Danica Galonić Fujimori scite author profile

The novel coronavirus SARS-CoV-2, the causative agent of COVID-19 respiratory disease, has infected over 2.3 million people, killed over 160,000, and caused worldwide social and economic disruption 1,2 . There are currently no antiviral drugs with proven clinical efficacy, nor are there vaccines for its prevention, and these efforts are hampered by limited knowledge of the molecular details of SARS-CoV-2 infection. To address this, we cloned, tagged and expressed 26 of the 29 SARS-CoV-2 proteins in human cells and identified the human proteins physically associated with each using affinity-purification mass spectrometry (AP-MS), identifying 332 high-confidence SARS-CoV-2-human protein-protein interactions (PPIs).
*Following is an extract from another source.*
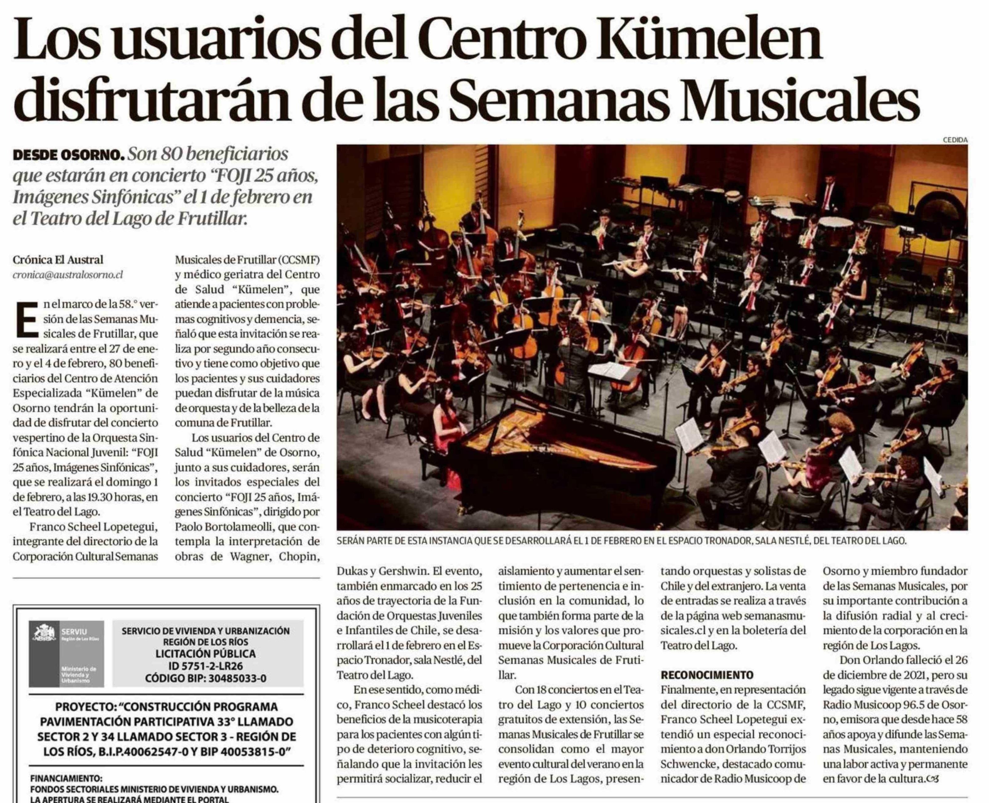 Los usuarios del Centro Kümelen disfrutarán de las Semanas Musicales

Among these, we identify 66 druggable human proteins or host factors targeted by 69 compounds (29 FDA-approved drugs, 12 drugs in clinical trials, and 28 preclinical compounds). Screening a subset of these in multiple viral assays identified two sets of pharmacological agents that displayed antiviral activity: inhibitors of mRNA translation and predicted regulators of the Sigma1 and Sigma2 receptors. Further studies of these host factor targeting agents, including their combination with drugs that directly target viral enzymes, could lead to a therapeutic regimen to treat COVID-19.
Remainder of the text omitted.